Outgoing chairman Jean-Rene Fourtou has been asked to serve as honorary president of Vivendi and advise on the closer integration of units, the company said Tuesday.
After asset sales, Vivendi is “in a strong position to embark on a new stage of growth,” Fourtou said at the meeting. “The digital revolution creates multiple opportunities.”
He called Bollore “an entrepreneurial, imaginative, tenacious industrialist” who “has ambitions for this group” and has a keen feeling for the interests of shareholders.
Asked by a shareholder about his executive pay, Bollore vowed to be conscious of excessive pay, saying: “I will be modest.”
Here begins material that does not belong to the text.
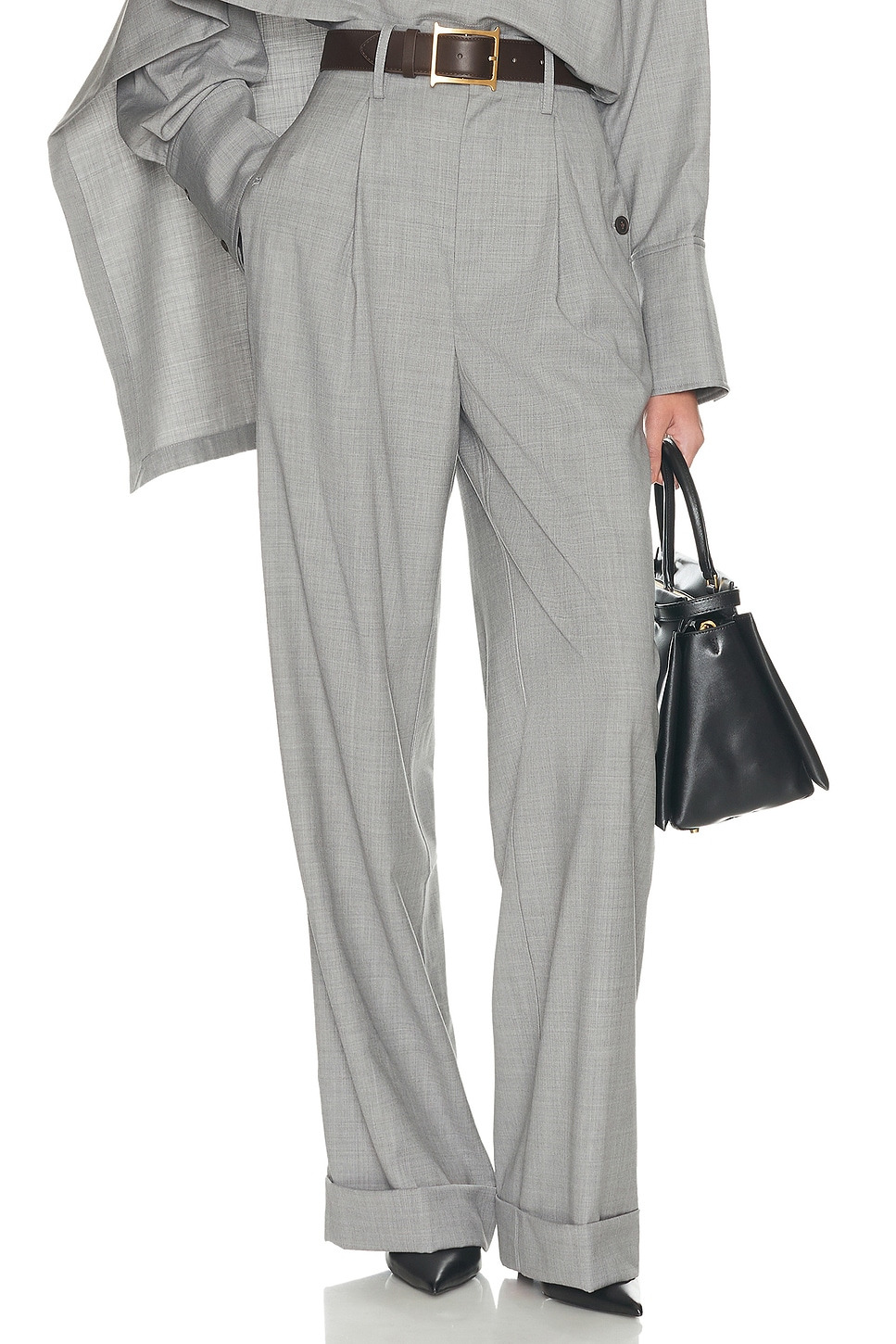 - 100% wool - Dry clean only - Zip fly with hook and bar clasp closures.4-pocket design with button closures - Adjustable buckles at back waist - High-waisted fit with front pleated detail - Suiting fabric - Item not sold as a set - Revolve Style No. HLSA-WP81 - Manufacturer Style No. HEP10017 F25

While observers expect Vivendi to look for acquisitions, Bollore didn’t immediately signal what assets he was interested in. “The board will decide the dividend policy based on what opportunities are available,” he said in one reference to possible deals. “In a growing business, and we think our media activities will grow, it seems reasonable to distribute 40 to 50 percent.”
Vivendi management on Tuesday also got shareholder questions about Netflix‘s upcoming launch in France and the decision to sell its stake in video game maker Activision Blizzard.
“The way we are preparing for the launch of Netflix is to develop very attractive content offerings,” such as via [VOD service] CanalPlay, which already has 450,000 subscribers, said Canal Plus Group chairman Bertrand Meheut after a question about Netflix’s pending launch in France and other European markets. “The Netflix catalog will not contain more recent movies. We have key assets.”
He added though: “Of course, we must take the arrival of Netflix very seriously. We are relatively confident.”
Fourtou on Tuesday also admitted that he was glad about the Activision divestiture given concerns about the effects of shooting games, such as the company’s Call of Duty franchise. “They are on the cutting-edge of technology…They are a jewel,” he said. “When we decided to focus on content and we had to reduce debt, the board decided that the priority would be to exit.”
He added: “Activision Blizzard’s business activity is based mainly on two games – World of Warcraft and Call of Duty, so it was fragile. When we bought Activision Blizzard, we very much believed in Guitar Hero, which was booming But within six months, it basically vanished.” And, he argued, that “every single time there were massacres in Sweden, Norway, the United States, the killers were people who had been spending a lot of time playing those two games, especially Call of Duty.”
Concluded Fourtou: “Supervisory board members just as you felt it was really a problem having this kind of business activity in our company.”
Among other executives in attendance at the meeting Tuesday was Universal Music chairman and CEO Lucian Grainge.